Huddersfield Chronicle (21/Apr/1860)

Golcar Local Board was formed on 30 March 1860 with an initial membership of 12. It was abolished at the end of 1894 and was superseded by Golcar Urban District.

Under the Representation of the People Act of 1918, the urban district became part of the Colne Valley Parliamentary Division.[1]

Golcar Urban District was abolished on 1 April 1937 and the area divided as follows (population figures are from the 1931 Census):


Situated on the Huddersfield and Manchester Railway, Golcar Station was opened in August 1849. It was closed to passengers on 6 October 1968.


Pigot and Co.'s Royal National and Commercial Directory of August 1841:

Golcar is a populous township in the parish of Huddersfield, extending from about two to five miles west from that town. The manufacture of coarse woollen cloths, chiefly for the Huddersfield market, is carried on here to a great extent; and finer cloths are also made, with which some of the inhabitants travel through different parts of the country. In the production of these articles a very considerable power from water and steam is employed — there being in motion, in the two townships of Golcar and Longwood, twelve water wheels, of the united power of one hundred and seventy horses, and three steam engines, equal to the exertion of fifty-seven horses. In Golcar a church was erected, in 1829, from the fund placed at the disposal of the commissioners appointed by parliament for the erection of additional churches: it is dedicated to St. John; the living is in the presentation of the vicar of Huddersfield. There are two free schools, erected by subscription in 1816; and one upon the national plan, opened in 1831. The township of Golcar contained, by the returns for 1831, 3,143 inhabitants.

A Topographical Dictionary of England (1848) edited by Samuel Lewis:

GOLCAR, a chapelry, in the parish and union of Huddersfield, Upper division of the wapentake of Agbrigg, W. riding of York, 3¼ miles (W. by S.) from Huddersfield; containing 3598 inhabitants. The township comprises by computation 1560 acres, of which the surface is boldly undulated, rising in steep acclivities from the banks of the river Colne: here are several quarries of excellent stone. The manufacture of coarse woollen-cloths and padding has long been established, and that of articles of the finest texture has since been introduced; the machinery of the numerous mills is propelled by 12 water-wheels and 12 steam-engines. The Huddersfield and Manchester canal skirts the township, which contains various hamlets scattered on the sides and summit of Golcar Hill.
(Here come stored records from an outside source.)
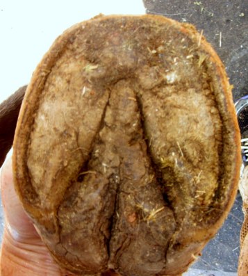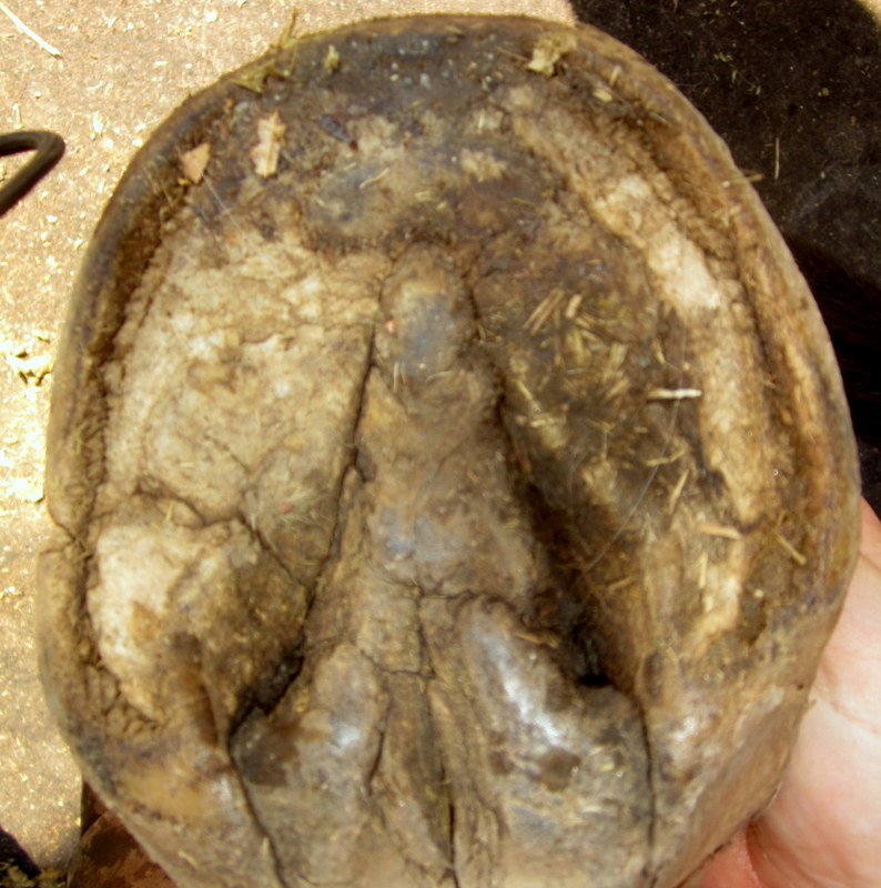 These are Blaze’s left front and right front, respectively. Please feel free to say any and everything about them, any readers who maintain their own hooves. My camera literally died and shut off as a snapped the right front, so these are the only hoof shots I got today.
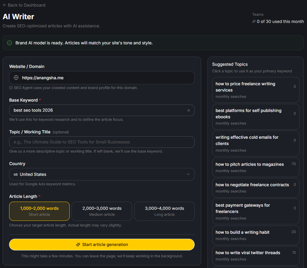Some platforms make it easy to go fully hands-off: research → write → optimize → publish.
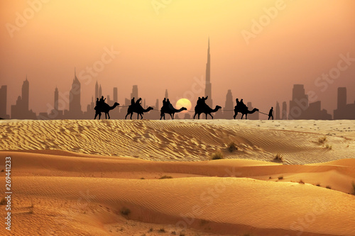 Camel Tourists Caravan Walking On Sunset Desert Near Dubai Skyline
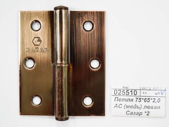 Петля 75*65*2,0 АC (медь) левая Сазар *2 300988
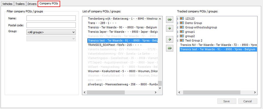 Następnie przejdź do pozycji Ustawienia > Śledzenie > Kto śledzi co, aby przypisać punkt POI do użytkownika (patrz Kto śledzi co). Wybierz odpowiedniego użytkownika w górnej części i naciśnij kartę Punkty POI firmy na dole. Za pomocą przycisków strzałek przenoś pozycje pomiędzy listę lewą (= wszystkie pozycje) a prawą (= śledzone pozycje).
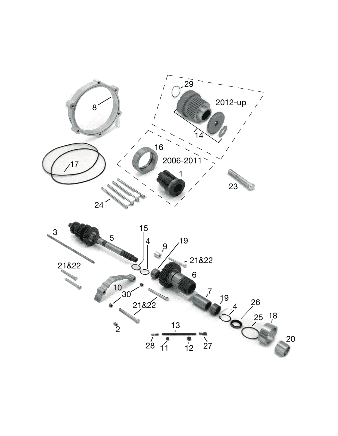 Nota: I Kit per i modelli 2012-2013 montano anche su modelli precedenti equipaggiati con compensatore Screamin' Eagle OEM 40274-08 o 40274-08A. Questo include solo una rondella di spinta tra il pignone e la ritenuta pignone. I kit per i modelli dal 2014 in poi montano anche su modelli precedenti equipaggiati con compensatore Screamin' Eagle OEM 36500034A, 40100061, 4220064, 4220064A, 42200095 or 42200095A. Questo include solo un cuscinetto di spinta e due rondelle di spinta tra il pignone e la ritenuta pignone.
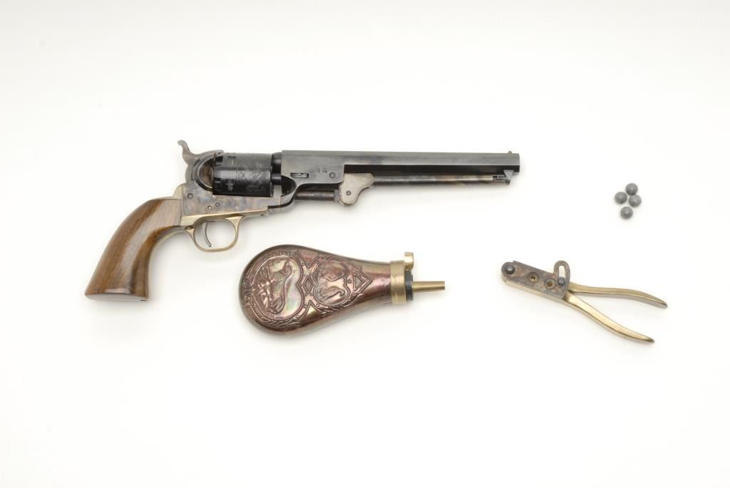 Lot 26 Reproduction 1851 Navy percussion revolver by Euro Arms., .36 cal., 7 ½” barrel, blue and case har
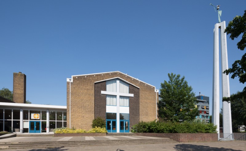 Gereformeerde Shalomkerk (voorheen Salvatorkerk), gebouwd 1955-1959 door architecten A. Verschoor en T. Bier in de naoorlogse uitbreidingswijk Bouwlust/Vrederust.
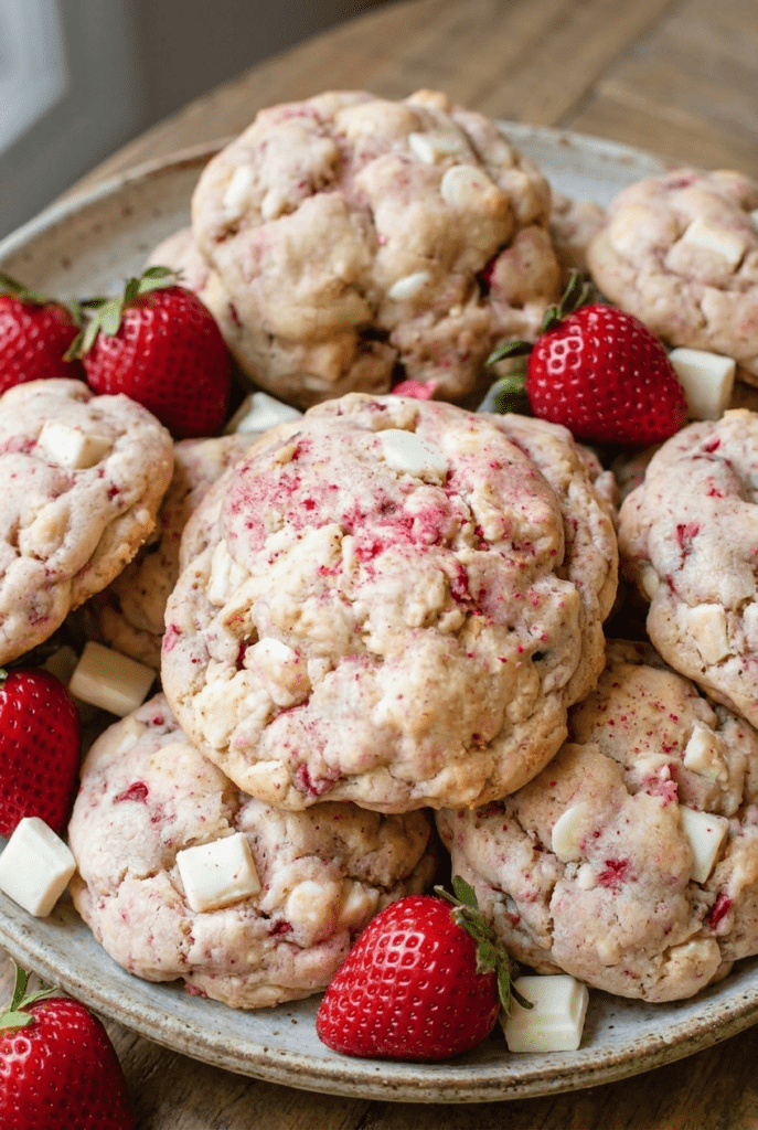 Soft, slightly crumbly cookies with bursts of strawberry flavor that feel light, fresh, and perfect for pairing with coffee.
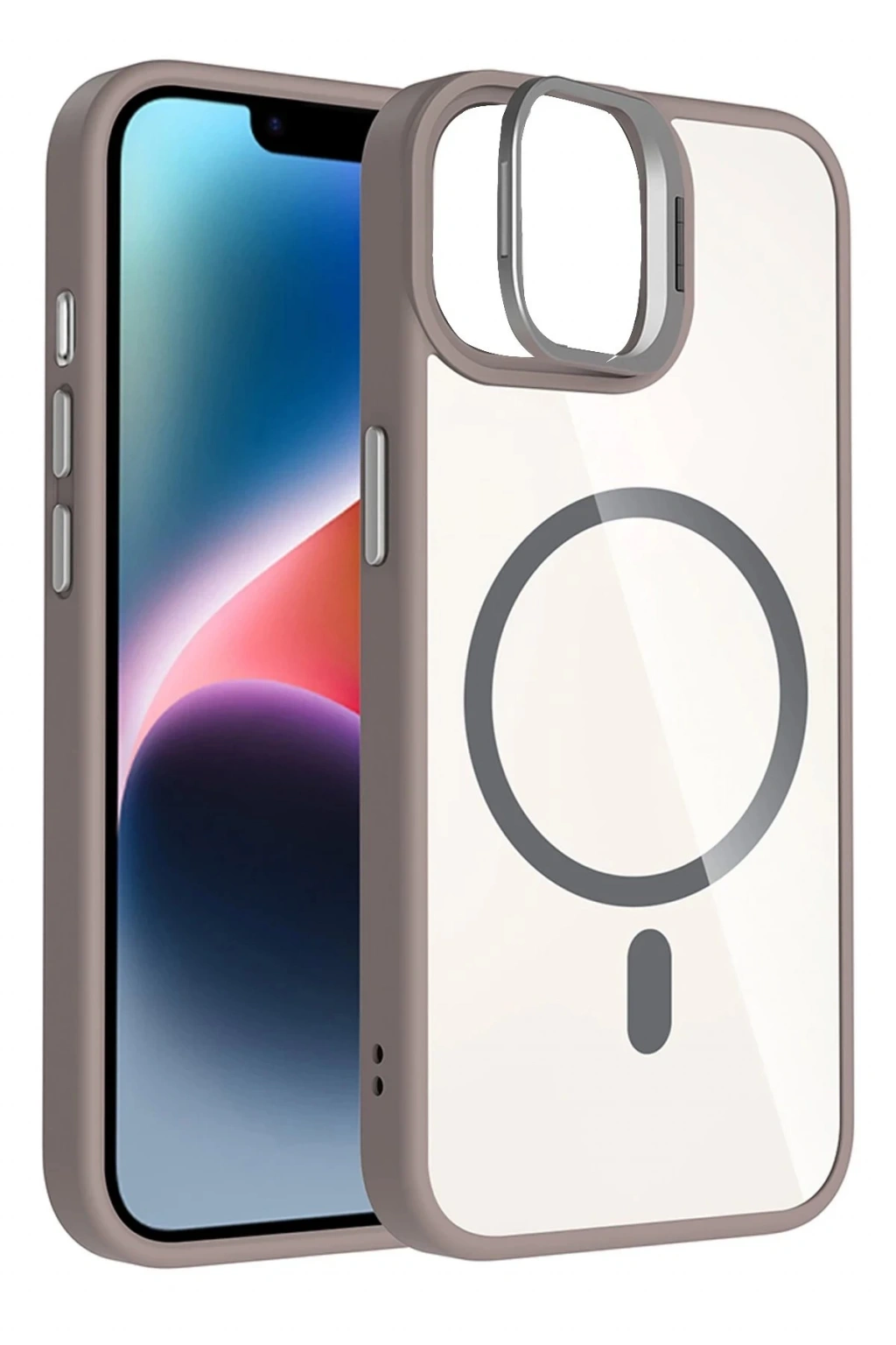 Apple iPhone 11 Remim Lensli Magsafe Standlı Kapak - Titan Gri

Commodious baths have been erected at a mineral spring on the course of the Colne, the waters having been found useful in rheumatism and other disorders. The chapel, now a district church, dedicated to St. John, was erected in 1829, at an expense of £2865, defrayed by the Parliamentary Commissioners, with the exception of £500 raised by subscription; it is a handsome structure in the later English style, with a tower surmounted by a spire, and contains 950 sittings, of which 430 are free. The living is a perpetual curacy, in the patronage of the Vicar of Huddersfield; net income, £150. There are places of worship for Baptists and Wesleyans. Upon the high ground at the western extremity of the township was formerly a rocking-stone, so celebrated as to have been marked in old maps; and it is said there were other Druidical remains.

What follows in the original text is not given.